#795 Add the description for the new feature to README.

yruslan · yruslan · commit 9cb4a42ab233 · 2025-11-13T15:30:58.000+01:00
diff --git a/README.md b/README.md
@@ -1662,7 +1662,8 @@ The output looks like this:
 `common_extended`, `cp037_extended` are code pages supporting non-printable characters that converts to ASCII codes below 32.
 
 ## EBCDIC Processor (experimental)
-The EBCDIC processor allows processing files by replacing value of fields without changing the underlying format.
+The EBCDIC processor allows processing files by replacing value of fields without changing the underlying format (`CobolProcessingStrategy.InPlace`)
+or with conversion of the input format to variable-record-length format with big-endian RDWs (`CobolProcessingStrategy.ToVariableLength`).
 
 The processing does not require Spark.
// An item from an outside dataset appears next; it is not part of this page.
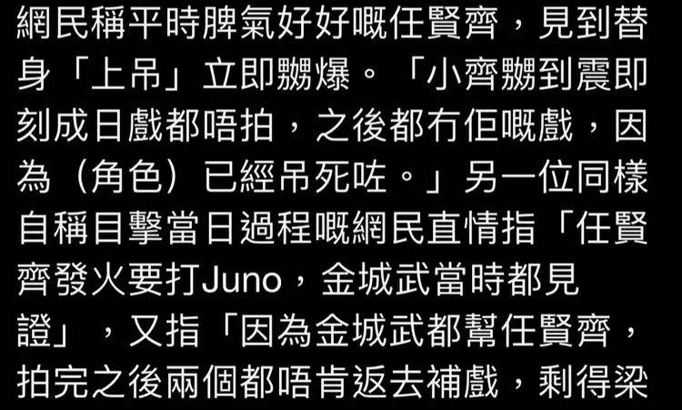 最后还是要强调一下,关于替身进医院和任贤齐、导演矛盾一事,都是港媒爆料,还没有实锤。

A processing application can have only the COBOL parser as a dependency (`cobol-parser`).
 
@@ -1676,6 +1677,7 @@ val builder = CobolProcessor.builder(copybookContents)
 
 val builder = CobolProcessor.builder
   .withCopybookContents("...some copybook...")
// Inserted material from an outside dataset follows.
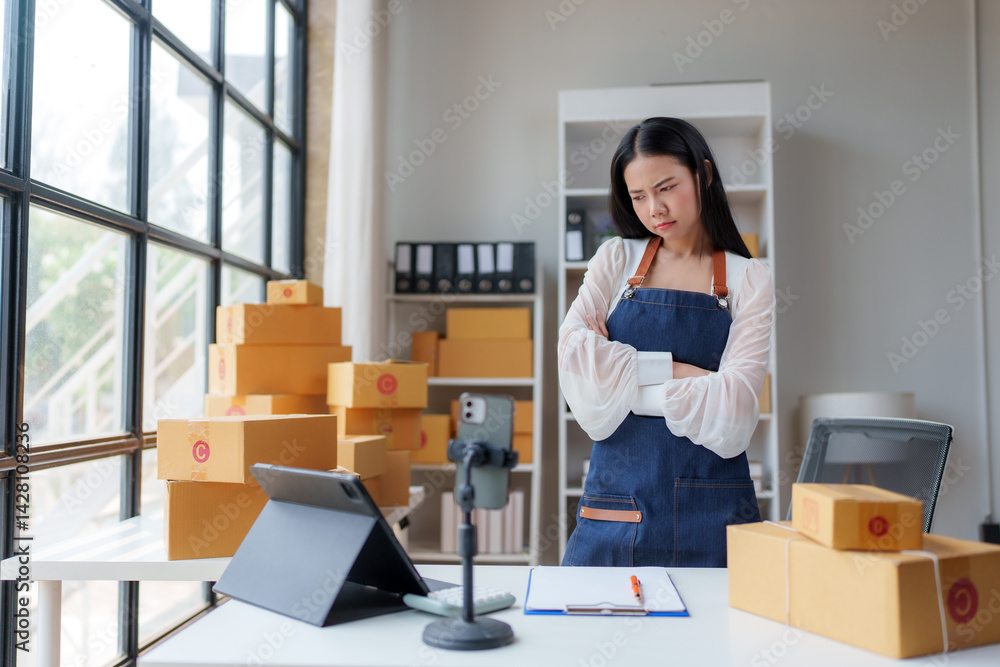 Stressed young asian businesswoman wearing apron standing with arms crossed looking at tablet with smartphone on tripod and cardboard boxes in startup office

+  .withProcessingStrategy(CobolProcessingStrategy.InPlace) // Or CobolProcessingStrategy.ToVariableLength
 
 val processor = new RawRecordProcessor {
   override def processRecord(record: Array[Byte], ctx: CobolProcessorContext): Array[Byte] = {
@@ -1699,6 +1701,7 @@ import za.co.absa.cobrix.cobol.processor.{CobolProcessor, CobolProcessorContext}
 
 val count = CobolProcessor.builder
   .withCopybookContents(copybook)
+  .withProcessingStrategy(CobolProcessingStrategy.InPlace) // Or CobolProcessingStrategy.ToVariableLength
   .withRecordProcessor { (record: Array[Byte], ctx: CobolProcessorContext) =>
     // The transformation logic goes here
     val value = copybook.getFieldValueByName("some_field", record, 0)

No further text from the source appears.